Wednesday, September 24, 2014

Lorrie Moore and the Tragically Humorous

In Elissa Schappell’s introduction to Lorrie Moore in 3x33, she highlights the way in which Moore has the ability to take tragic, disturbing, or generally heavy situations (or a mix of all three) and bring them to life not only through startling metaphors, dialogue, and description, but also through witty, satirical humor and brilliant wordplay. In doing this, it would seem she would shift the weight from the situation, but as Schappell notes, this isn’t the case – instead, she ends up enhancing the atmosphere. In the human experience, there is little that is simple and one-sided, and even as we go through the most pain, we find ourselves laughing. As Schappell puts it, “Grief is messy and uncontainable – humor happens.” The result of Moore’s efforts are characters that are startlingly human from start to finish, and feel the full range of emotions. Would you agree?

In Moore’s “Referential”, a mother deals with her son’s struggle with mental illness. As he becomes progressively worse, her lover, Pete (the only character with a name), begins to pull away, even though he is the only one who seems to have an effect on the son. While decidedly grim, the narrative, told from a limited third person perspective of the mother, contains witty, interesting thoughts, and the son’s dialogue, while obviously disturbed, is tragically humorous. Is Moore making a statement about mental illness as a whole here, or about life? Are the characters believable in their humor, especially when it comes to the mother’s sharp, insightful wit? What do you think of her idea of “mutilation as a language”, and is it meant to be darkly humorous – and, in this, is there truth? Is the mother’s narration reliable, or perhaps a sign that she is also mentally unstable? How well was this executed?


Do you think you could create characters that echo Moore’s and feel many emotions but often deflect with wit? Does Moore do it believably herself? 

Tuesday, September 16, 2014

Alice Munro: "Train"

This illustration by Raymond Verdaguer
 appears beside "Train" at harpers.org
In her interview with the Paris Review, Alice Munro says she has worked from “a feeling that women could write about the freakish, the marginal.” She says, “I don’t know how I got that feeling of being on the margins, it wasn’t that I was pushed there. Maybe it was because I grew up on a margin.” In “Train,” Jackson is a drifter, a man who walks away from relationships, who sees Mennonite boys singing in his dreams. He jumps off trains hoping for a “cancellation,” instead finding “an immediate flock of new surroundings, asking for attention in a way they never did when you were sitting on the train and looking out the window.” Jackson, who begins a “skinny nerve-wracked soldier,” enters a strange and wandering life, from the moment he indecisively starts back the way he came. How is Jackson, like the narrators of “Walker Brothers Cowboy,” “Friend of My Youth,” and “Save the Reaper,” experiencing life from the margins? How does this affect the way he reacts in situations? Do you believe his character?
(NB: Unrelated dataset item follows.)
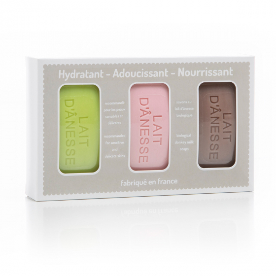 Les trois savons (3x125g) de ce coffret sont enrichis au lait d’ânesse frais et biologique, et au beurre de karité. Une association incomparable pour une formule naturelle aux multiples vertus. En effet, votre épiderme profite d’une hydratation intense et d’un nettoyage doux qui convient parfaitement aux peaux les plus sensibles. De plus, nos savons vous laissent un film protecteur pour préserver votre peau des agressions quotidiennes, et vous permettre de retrouver une douceur durable. Avec un large choix de senteurs, le coffret Concave se plie à toutes vos envies, ou celles de vos proches, et vous séduira par ses produits de qualité pour un cadeau personnalisé dont on vous reparlera longtemps !

How could you use Munro’s approach in your own writing?

Here's the link to the interview:
http://www.theparisreview.org/interviews/1791/the-art-of-fiction-no-137-alice-munro

Wednesday, September 3, 2014

Junot Diaz and the Fulgurating Sadness

If "Miss Lora" is the first story you ever read by Junot Diaz, it might feel like doing a cannonball into a freshwater lake.  The water, as if spring fed, is an ice bath, and you smack, splash, and sink in deep.  You come up gasping for air to swim to some safe place, where you decide you must read his other stories, whether those anthologized in 3x33 or his whole first collection, Drown, or his second collection, This Is How You Lose Her.  You must also read his novel, The Brief Wondrous Life of Oscar Wao.
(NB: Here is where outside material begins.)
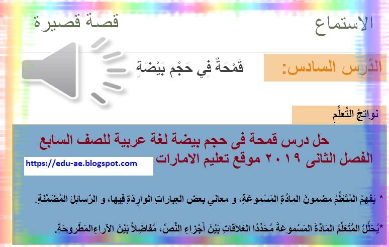 حل درس قمحة فى حجم بيضة مادة اللغة العربية للصف السابع الفصل الأول2020
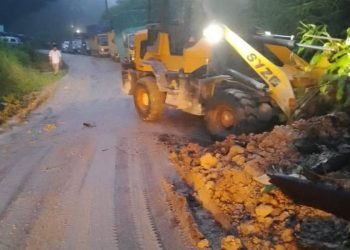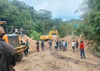 Taput, POL | Pembersihan material longsor yang menimbun badan jalinsum akibat guncangan gempa bumi 5,5 magnitudo mampu dibersihkan petugas dalam...

For those who have read other stories featuring Yunior and Rafa, "Miss Lora" feels like another kind of bomb exploding.  Yunior's relationship with this older woman, amidst a landslide of sadness, does apocalyptic damage.  Why does Miss Lora do this to him?  Is their secret affair born out of abuse (her abusing him, her having been abused by her history teacher)?  Or born of mutual sadness and Yunior's loneliness and confusion after Rafa's death?  Or is it born of cultural expectations, explored in Yunior's statement that his father and brothers were both "sucios"?  How does this breaking of the adult/child taboo look different to us because of the reversal of genders, with a woman abusing a boy?  Does Yunior's searching in the end--his failure to find Miss Lora, the story's end on a photograph of them blinking, smiling--also feel explosive?
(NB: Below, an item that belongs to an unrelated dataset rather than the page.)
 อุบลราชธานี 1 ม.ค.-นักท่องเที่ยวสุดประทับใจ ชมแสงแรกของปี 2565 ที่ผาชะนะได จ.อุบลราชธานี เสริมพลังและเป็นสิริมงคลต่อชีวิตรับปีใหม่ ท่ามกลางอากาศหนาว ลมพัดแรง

What is Diaz up to?  How does he do it?  Can you write an explosive story?

I just ran across this article Junot Diaz published in the New Yorker this past April: the MFA v. POV.  Go read it, and consider your career and education, and how what you read is limited by the people putting it in your path.  Incidentally, Helena Maria Viramontes's book Under the Feet of Jesus was given to me in graduate school by my amazing professor Susan Strehle, and it influenced my writing and teaching.  I have since met Viramontes on several occasions, and she is one of the loveliest human beings I've ever encountered.